# Hickory Type?



## clarionflyer (Apr 27, 2008)

I'm (obviously) a complete novice in the ways of wood. I was going to make a rifle stock from some of my Hickory. I know Hickory makes a pretty good stock, but I heard only certain types are worthy (Walnut being the best - I don't have any Walnut trees :laughing. 
I had to take off some big Hickory limbs last year, so I cut and dried them. 
Now I can't seem to find a site identifying my Hickory? I'd appreciate a little help... either with the site or the Hickory.

http://www.meticulum.com/Shag_Bark_Hickory.jpg

Thanks.


----------



## TexasTimbers (Oct 17, 2006)

Are you saying your hickory looks like the picture in the link? If so, like the file says it's shagbark. 

Any of the hickories or pecan hickories will make a good stock IMO.


----------



## clarionflyer (Apr 27, 2008)

Thanks TT,
Ya, I see shagbark too. I guess I'm trying too hard with the scientific jargon. I'm sure I need a better reference (shagbark isn't listed).
Basically, I'm trying to find out if shagbark is a good hickory to make gun stocks from? I've heard that only certain types of Hickory are good for gun stocks. Is there a difference?


----------



## TexasTimbers (Oct 17, 2006)

I can't answer why some species of hickory are not suitable for gun stocks. Never heard that before. I have several gun stock customers I'll send an email to one and ask.


----------



## jeffreythree (Jan 9, 2008)

A couple of hickories are considered inferior to the others for lumber, not sure about stocks though. Water and nutmeg hickories are 2 of them. I am out of town, so I can't look at my book that lists the traits for each individual hickory species.


----------



## truecountry (Apr 15, 2009)

any hickory with a big black heart isnt good for nothing but fire wood... most hickory .. axe , spliting malls handles ..etc ...have the white or light wood in them not alot or black... i ran up on this this week and questioned it on species and it was a shag bark but this time of year it loses its bark easy like popular... ill take some pics


----------



## jeffreythree (Jan 9, 2008)

Uh oh, TT. Looks like somebody found some of your black heart pecan you've been looking for, even if it is another hickory, and they burn it .


----------



## Kirk Allen (Nov 7, 2006)

I have a local gunstock builder and he does not recommend building a gunstock from Hickory, now would I. Its prone to spliting, its heavy, and its a bear to machine and work with. 

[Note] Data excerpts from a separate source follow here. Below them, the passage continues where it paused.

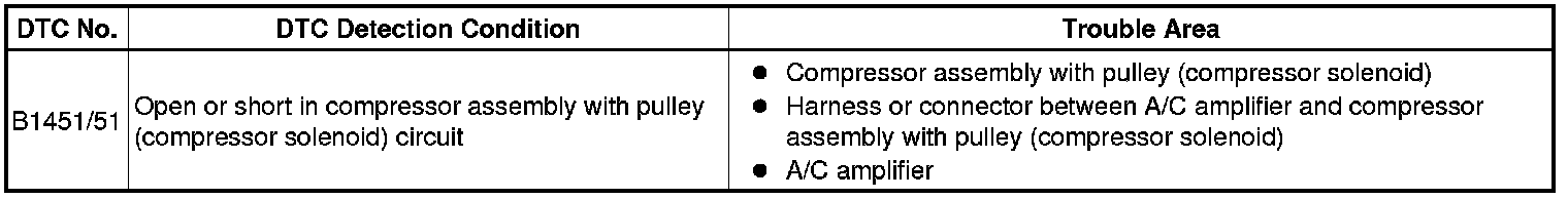 HEATING / AIR CONDITIONING: AIR CONDITIONING SYSTEM (for Automatic Air Conditioning System): B1451/51; Compressor Solenoid Circuit; 2013 MY Corolla [07/2012 -]
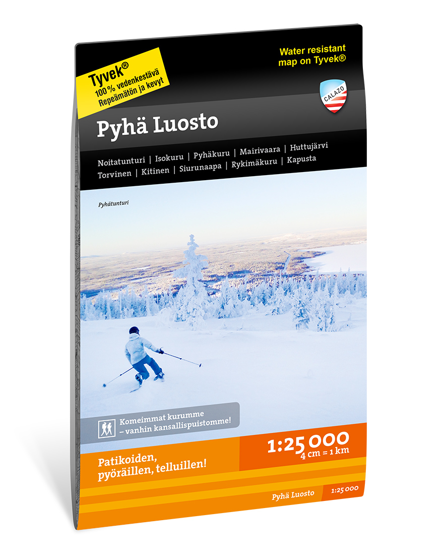 Map of Pyhä-Luosto Mountain Map, Calazo. Our first national park. Pyhä-Luosto is part of a mountain range that is over two billion years old, featuring steep quartzite peaks and stunning ravines.
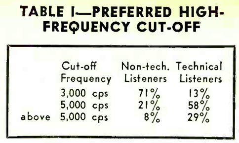 筆者は、家庭用レコードの再生において、リスナーが高域カットオフを好むかどうかを調べるため、数々のテストを行った。テストは、技術者ではないリスナー100人と、ラジオ技術者100人以上を対象に行われた。これらのテストの詳細は本稿の範囲外であるが、表Iに示した結果は、決定的なものではないものの、家庭用レコードの再生において、5kcpsを超える応答では、忠実度の向上に見合ったものではなく、サーフェイスノイズと歪みの影響が強調されることを示している。
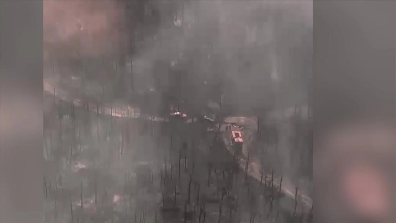 Eskişehir'deki orman yangınına müdahale eden 5'i orman işçisi, 5'i AKUT çalışanı 10 kişi şehit olduGörüntülerde orman içindeki yolda duran araçlar ve çevresinde tamamen yanan ağaçlar yer aldı.
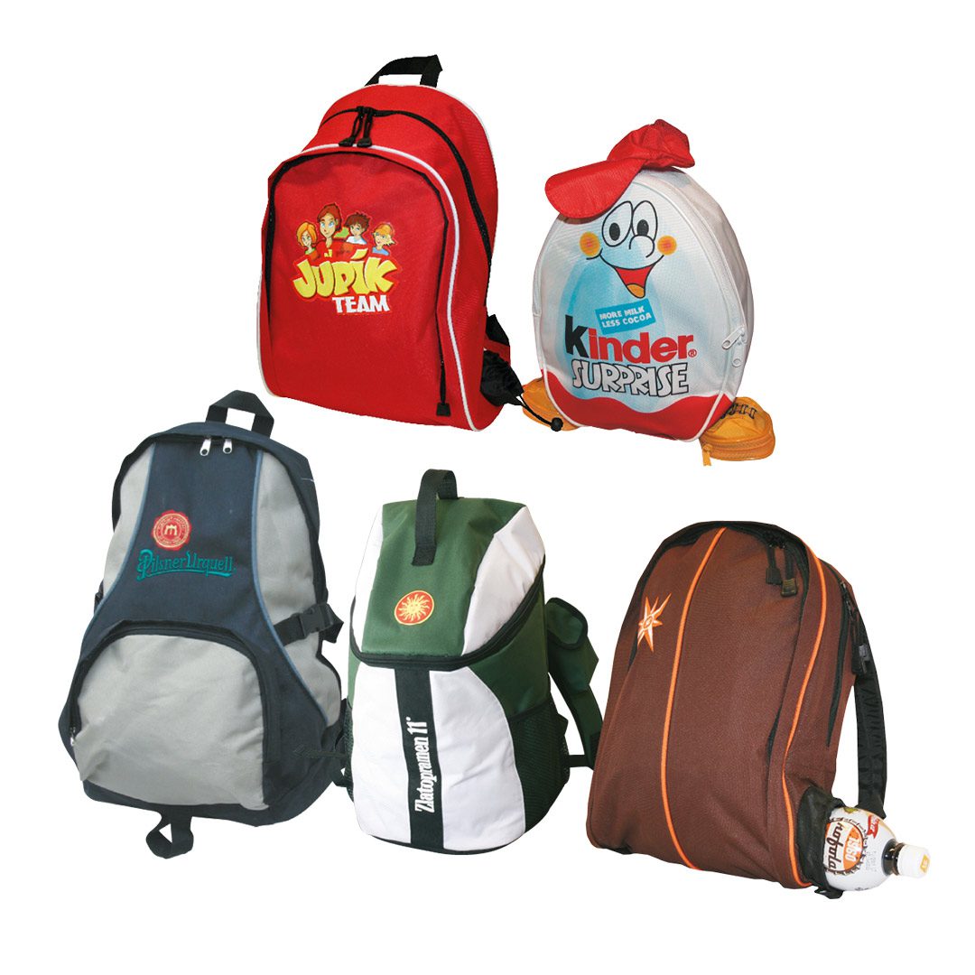 - Branding and details: Various printing technologies, woven labels in seams, embroidered logos, metal carabiners or custom-designed zip pullers (rubber, metal or leather).
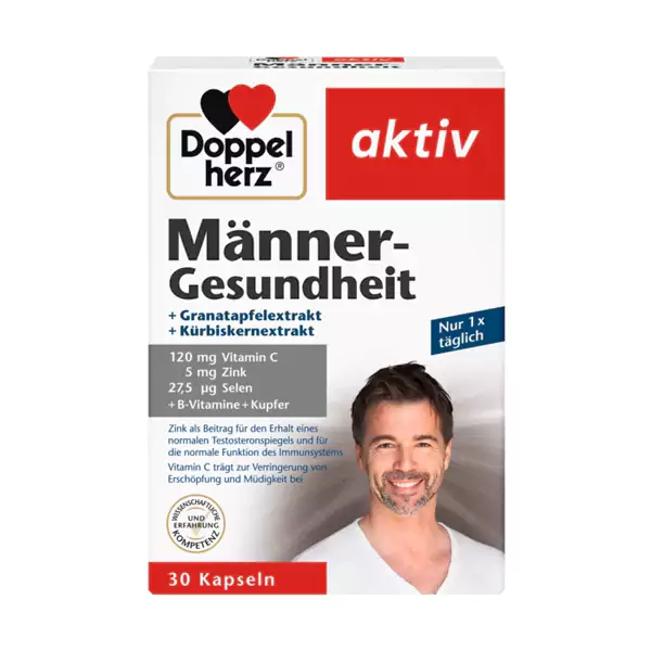 استفاده از برخی انواع مکمل و ویتامین خارجی برای آقایان و بانوان که دارای فعالیت بدنی بالا و یا کسانی که حرفه ای ورزش می کنند ضروری است و باید از برند معتبر و نوع درست آن را انتخاب و خرید نماییم.مکمل سلامت مردان دوپل هرز آلمان سطح تستوسترون + سیستم ایمنی بدن حاوی 120 میلیگرم ویتامین C، ویتامینهای ارزشمند گروه B و عناصر کمیاب روی، سلنیوم و مس می باشد. همچنین حاوی 270 میلیگرم عصاره انار و 120 میلیگرم عصاره دانه کدو تنبل است.به حفظ سطح طبیعی تستوسترون و عملکرد سیستم ایمنی کمک میکند. سلنیوم به تشکیل طبیعی اسپرم کمک میکند. سلنیوم به حفظ موهای طبیعی کمک میکنند.مس از رنگدانه طبیعی مو پشتیبانی میکند.ویتامینهای B1 و B12 به متابولیسم طبیعی انرژی کمک میکند.ویتامین B1 به عملکرد طبیعی قلب کمک میکند.ویتامین B6 به تنظیم فعالیت هورمونی کمک میکند.ویتامین C به کاهش خستگی و کوفتگی کمک میکند. علاوه بر این، این ویتامین محلول در آب از عملکرد طبیعی سیستم ایمنی و محافظت از سلولها در برابر استرس اکسیداتیو پشتیبانی میکند.
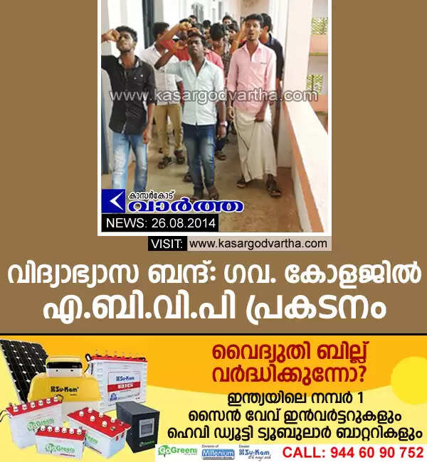 കാസര്‍കോട്: (www.kasargodvartha.com 26.08.2014) എ.ബി.വി.പി ചൊവ്വാഴ്ച സംസ്ഥാന വ്യാപകമായി നടത്തുന്ന വിദ്യാഭ്യാസ ബന്ദിന്റെ ഭാഗമായി കാസര്‍കോട് ഗവ. കോളജില്‍ പ്രവര്‍ത്തകര്‍ പടിപ്പു മുടക്കി. എ.ബി.വി.പി യൂണിറ്റ് പ്രസിഡണ്ട് അവിന്റെ നേതൃത്വത്തില്‍ ക്യാമ്പസില്‍ പ്രകടനവും നടത്തി.
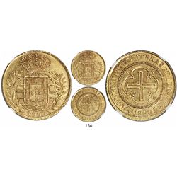 Brazil (Bahia mint), 4000 reis, Joao Prince Regent, 1808/6, encapsulated NGC MS 62, tied for second finest known in NGC census. Russo-unl. (cf. 547);
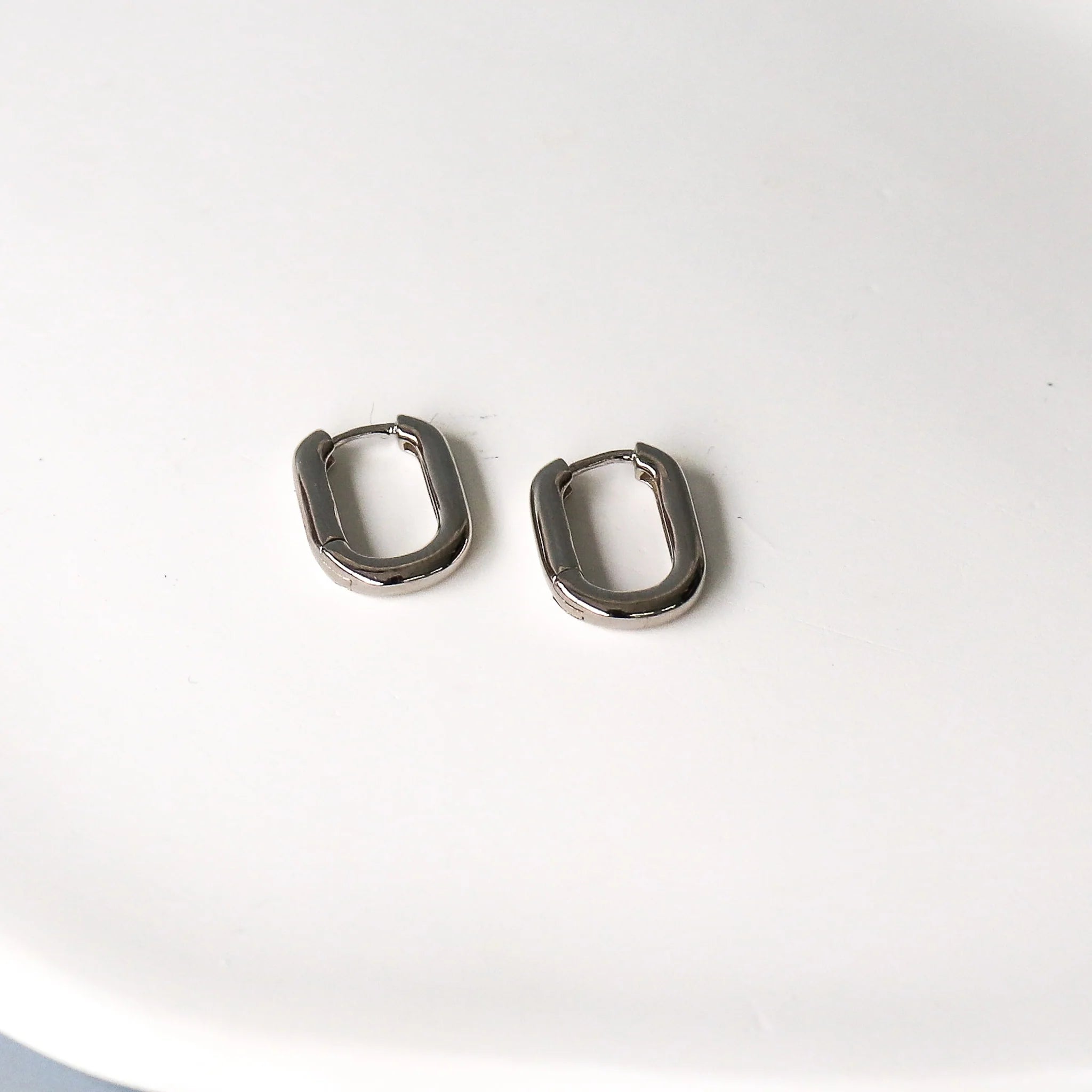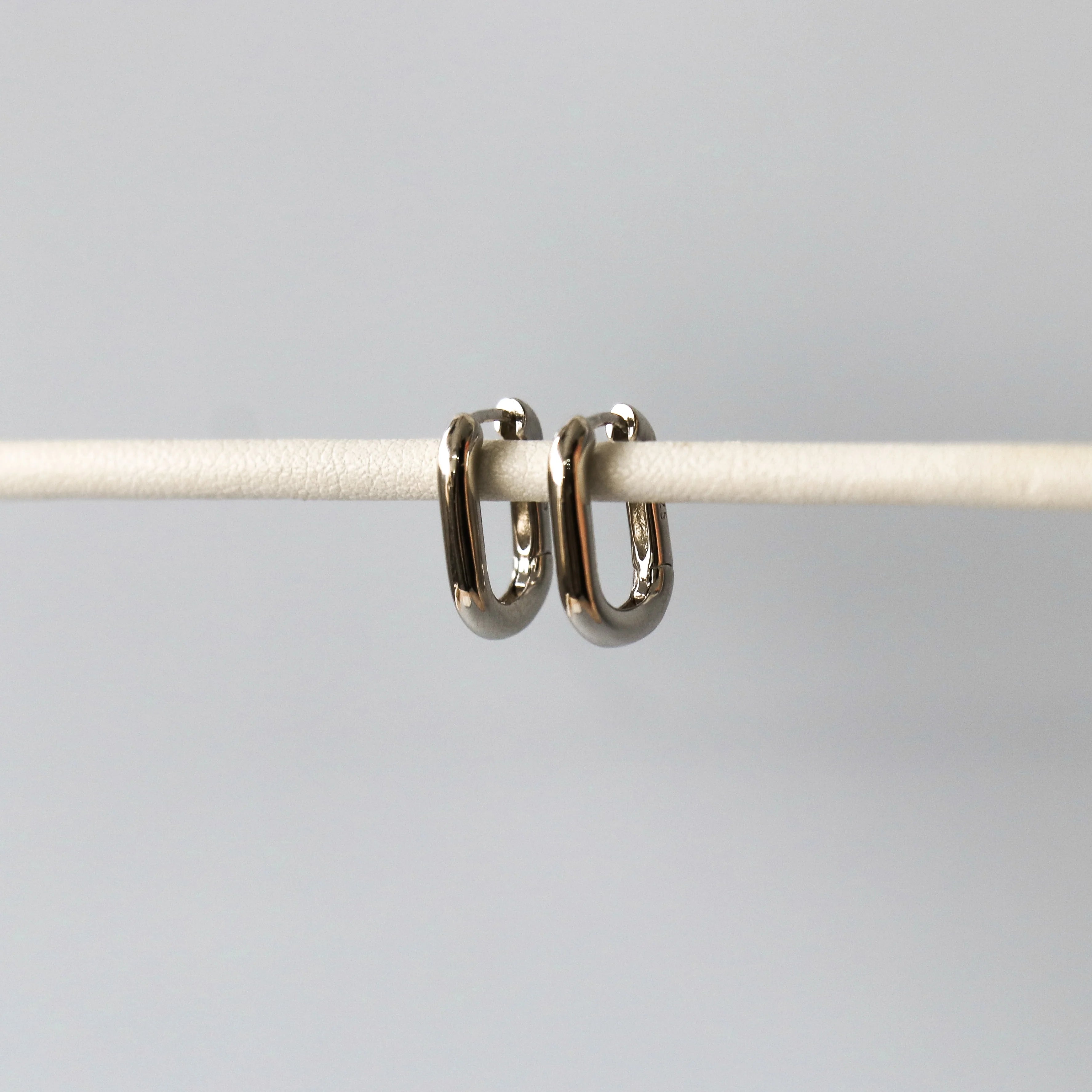 Boucles d'oreilles de type anneaux rectangulaires aux coins arrondis. Optez pour une forme différente d'anneaux dans votre boîte à bijoux et optez pour ces boucles d'oreilles délicates mais originales.
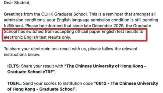 近日,香港中文大学研究生院正式发布官方通知,迎来重磅政策调整:自2025年12月起,雅思成绩送分方式全面升级,学校仅接受电子版成绩单,不再接收任何纸质版原件。
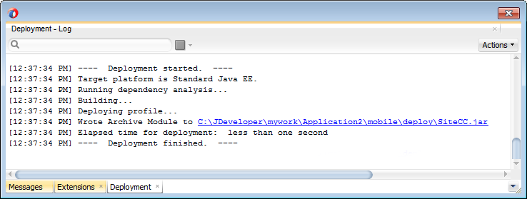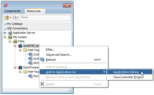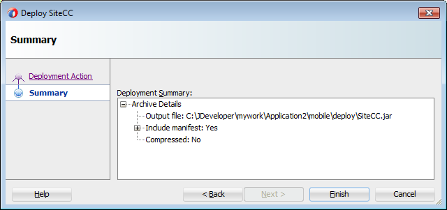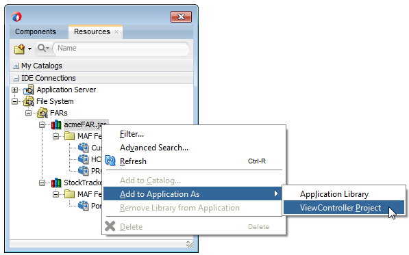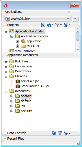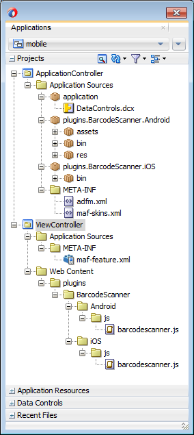 ビュー・コントローラ・プロジェクトをFARとしてデプロイします。このFAR自体には、CordovaプラグインおよびJavaScriptファイルを参照するMAF AMXおよびHTMLページなどのアーティファクトが含まれる場合があります。

Can it be done, sure, but there are much better woods to choose from that offer superior longgevity.


----------



## TexasTimbers (Oct 17, 2006)

jeffreythree said:


> Uh oh, TT. Looks like somebody found some of your black heart pecan you've been looking for, even if it is another hickory.....


A Pecan hickory is the only hickory that will fill this order. Still I would show him a picture of any black heart hickory and see what gives. 




truecountry said:


> any hickory with a big black heart isnt good for nothing but fire wood...


That ain't exactly true. Next time you run across a solid black heart pecan, or any hickory please let me know. I might be able to make it worth your trouble.


----------



## truecountry (Apr 15, 2009)

*heres the pic*

black hearted hickory minus the bark


----------



## truecountry (Apr 15, 2009)

tt is this what you looking for i need to know it goes into mill tomorrow


----------



## Daren (Oct 14, 2006)

The bright sunlight may be washing out the color, you called it "black". I posted and then deleted last night that if it is black that looks like walnut to me :huh:. If it is tan/brown that is pecan.


----------



## TexasTimbers (Oct 17, 2006)

TC, sorry I missed this last night thanks for checking with me. 

I can't see the color much either but I can tell it isn't black. You'll know a black heart Pecan or black heart anything when you see it because it isn't brown . . . . it's *black*.


----------